ВЛАДИМИР СОЛОВЬЕВ. Наташа, мы с вами не только земляки по Питеру и Нью-Йорку, но еще и принадлежим – плюс-минус – к поколению, которое сходит сейчас со сцены, а центровики – те уже сошли. Я говорю не о шестидесятниках, но о более поздних, рожденных в «сороковые роковые». Когда мы с Леной Клепиковой делали книгу о Довлатове, вы нам очень помогли. Одни фотографии чего стоят! И не только. В самом деле, вы – архивариус питерского андеграунда, а когда он чуть ли не в полном составе мотанул за бугор, вы продолжили свою фотолетопись в Нью-Йорке. Это помимо прочих ваших ипостасей – художник, культуртрегер, импресарио. Однако для этой юбилейной книги о Бродском мне мало ваших замечательных фотографий, хоть они составят отдельную авторскую тетрадку, книжка в книжке, ваше персональное шоу, но мне хочется еще разговорить вас о человеке, которого мы хорошо знали с питерских времен. Our mutual friend, да?
У вас не только точный фотоглаз, но и чутье на людей. Тот самый инстинкт пророчески-слепой, о котором писал Тютчев. Договоримся сразу: по ту сторону добра и зла. Бродский как есть, минуя примитив «что такое хорошо, что такое плохо».
Что вас в нем больше всего поражало?
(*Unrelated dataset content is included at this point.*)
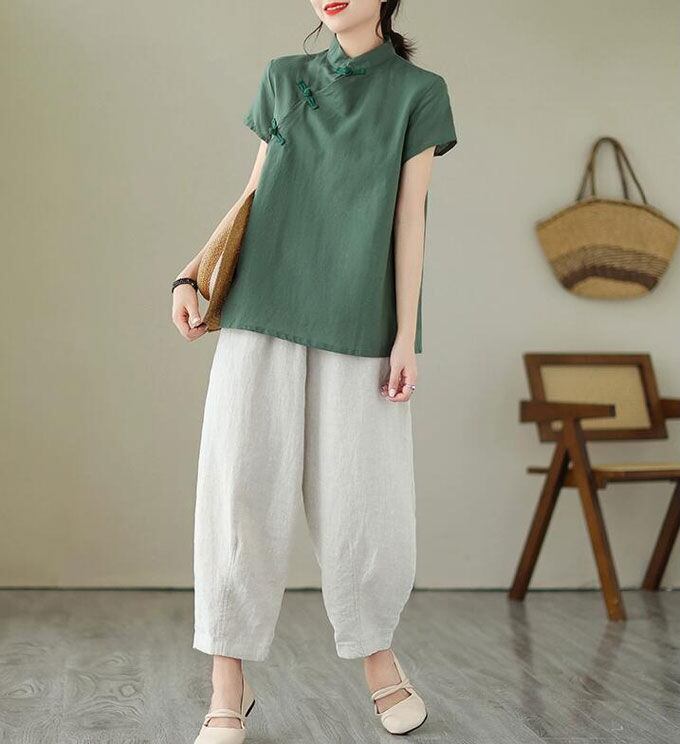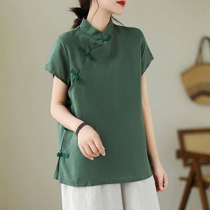 ブラウス リネンブラウス チャイナ風 レディース 半袖 立ち襟 斜めボタン 立ち襟 斜めボタン チャイナトップス プルオーバー チャイナボタン 無地 ゆったり 薄手 ナチュラル 春 夏 大人 かわいい おしゃれ エレガント カジュアル 送料無料

И что вас в нем разочаровало?
НАТАША ШАРЫМОВА. Володя, ответ на первый вопрос лежит на поверхности – наверное, с самого первого дня нашего знакомства я знала, что Иосиф безошибочно распознал свое предназначение, свой жизненный сценарий, точно понял свою роль. Чтобы определить это, не надо быть психологом или тонким знатоком человеческой природы: свой выбор, свой вектор, свое призвание, и, если хотите, «свою миссию» 18-летний Иосиф Бродский декларировал, манифестовал и внушал – сначала себе, а потом другим. Не заметить эту яркую и открытую позицию было невозможно.
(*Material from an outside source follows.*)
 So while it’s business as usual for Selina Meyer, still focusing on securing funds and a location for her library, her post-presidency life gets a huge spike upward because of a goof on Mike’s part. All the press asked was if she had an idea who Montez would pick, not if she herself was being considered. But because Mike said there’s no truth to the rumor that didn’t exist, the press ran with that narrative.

Энергия молодого Иосифа была естественным образом сфокусирована, все его мысли, чувства – насколько я могу судить, конечно, – и поступки уже были подчинены одной цели – служению поэтической музе, простите за пафос. В этом выборе – выборе жизненного пути – не было расчета, но не было и сомнений. Выбранный путь – был неизбежен – к чему бы он ни вел. И, если вы относились с симпатией к тем ранним творениям Иосифа, то чувствовали исходящую от него убежденность и обреченность. Со стороны вы видели человека, который знает, что делает. Он тогда любил повторять слова Мандельштама, переданные ему Ахматовой: «Ко всему готов…»
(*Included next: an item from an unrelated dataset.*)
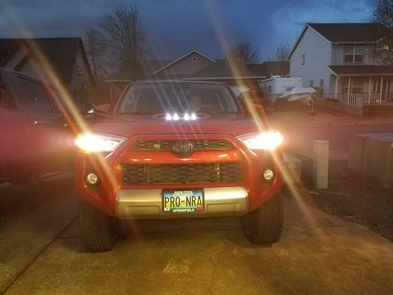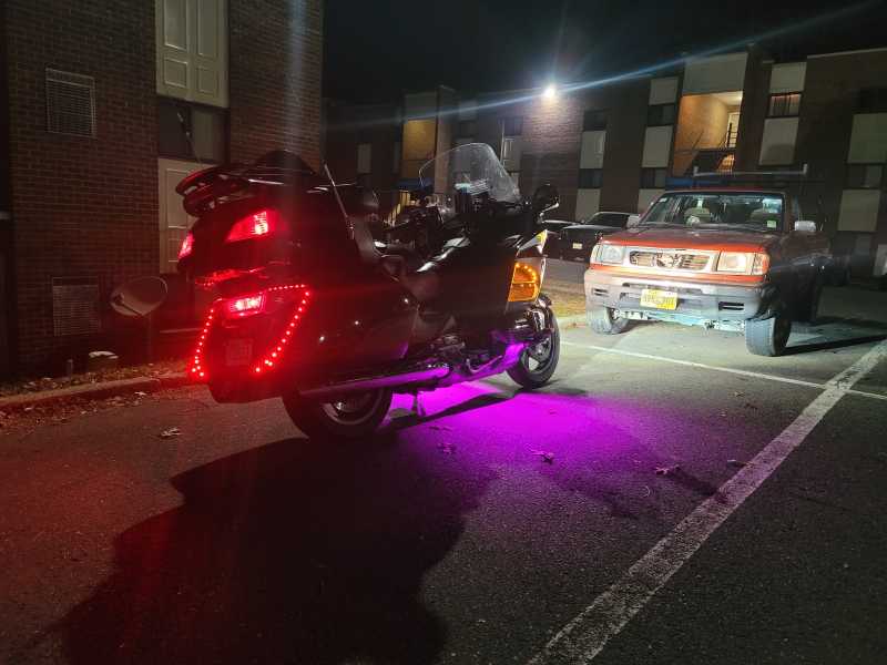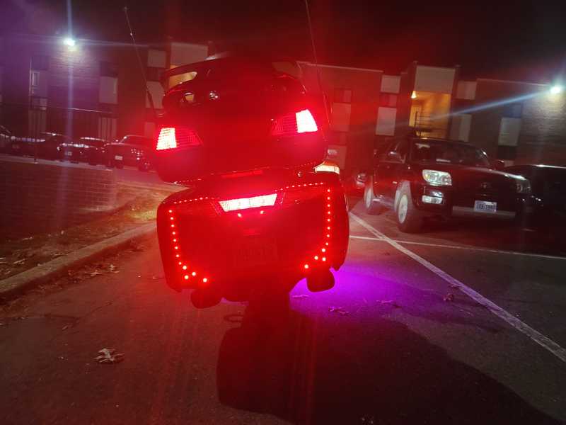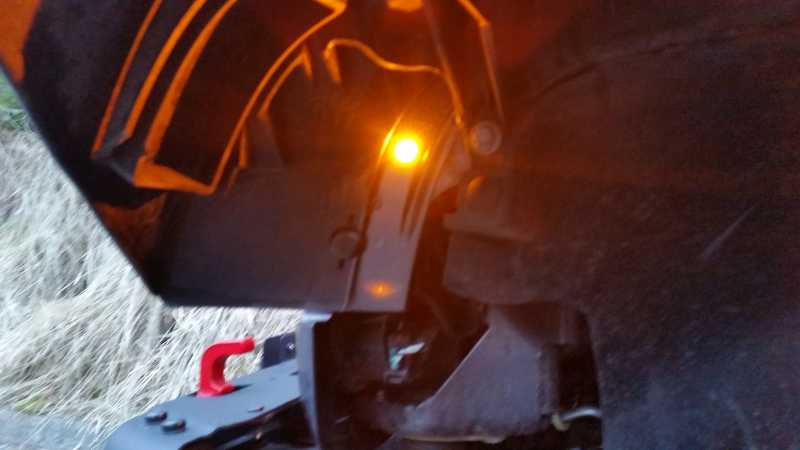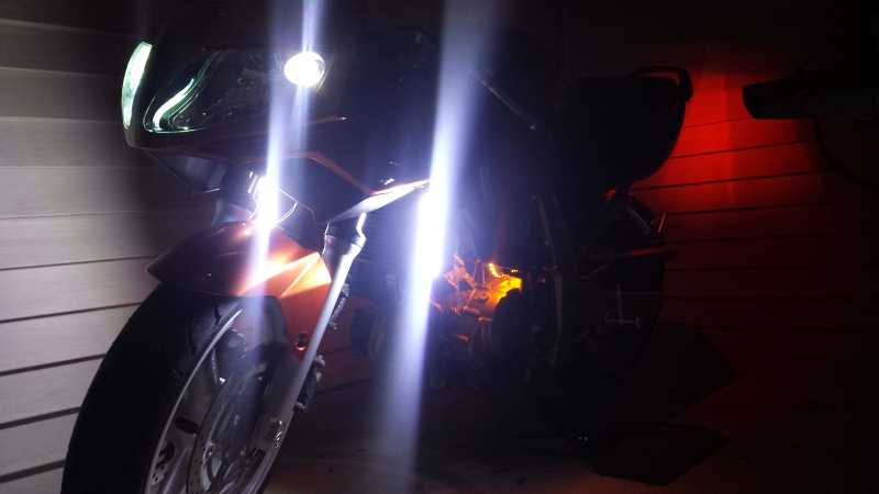 I run 2 of the amber 6mm bolt LEDs on both sides of the bike as running lights, also on the wireless controller. After the sunsets is when I use the running lights, so that I'm more visible to cars from the sides and the rear.

Его жизнь и поэтическая судьба в этот период (с конца 50-х и в 60-е) складывались спонтанно. Иосиф, начинающий поэт, жил жизнью обычного молодого человека определенного ленинградского круга. Его отношение к коммунистической идеологии (нет!) или его литературные вкусы (назову условно – Цветаева – Мандельштам – Фрост – Фолкнер), музыкальные пристрастия (джаз, венецианцы, Бах) не были оригинальны. Иосиф разделял некий джентельменский набор привязанностей, убеждений и ценностей. Да вы и сами знаете, принадлежа к тому же поколению, хоть и помоложе.
Иосиф много читал. Читали тогда все. Ходил в Публичку, в оба ее здания – на Садовой и на Фонтаке. Ходили все. Пропадал в букинистических магазинах, как все мы.
Спорил в курилке, пил кисель в столовке, ел гречку или перловку с грибами и шкварками в забегаловке у Филармонии. Работал в геологических партиях. Ходил в гости, болтал на кухнях, читал стихи барышням. Как все.
Как все – в этом определенном ленинградском кругу…
Но если вам нравились опусы Иосифа, то вы замечали, что внутри него течет какая-то иная жизнь – напряженная и уникальная. Лишь ему, Иосифу Бродскому, присущая. Извергаются вулканы, полыхают молнии, штормит… И что эта внутренняя жизнь только и важна для ее автора, а реальность – это так, по большей части – досадные недоразумения.
Думаю, никто из молодой литературной братии и близко не приближался к тому высокому вольтажу, который существовал в психическом, эмоциональном и интеллектуальном поле Иосифа. Скрытный Иосиф был очень общителен и абсолютно непроницаем. Но иногда прорывалось – мог разоткровенничаться и сказать, помешивая ложечкой в стакане, что-то такое, из своих внутренних запасов (привожу по памяти):
– Вот все мы пишем, сочиняем…
ВЛАДИМИР СОЛОВЬЕВ. Кто – «все»? Кого Бродский имел в виду и кого имеете в виду вы, Наташа? Простите, что перебиваю.
НАТАША ШАРЫМОВА. «Все» – это Найман, Рейн, Бобышев, в первую очередь. Потом Уфлянд и Еремин плюс Виноградов и Аронзон.
Возможно, еще Хвост и Волохонский…
ВЛАДИМИР СОЛОВЬЕВ. Одни только ленинградцы?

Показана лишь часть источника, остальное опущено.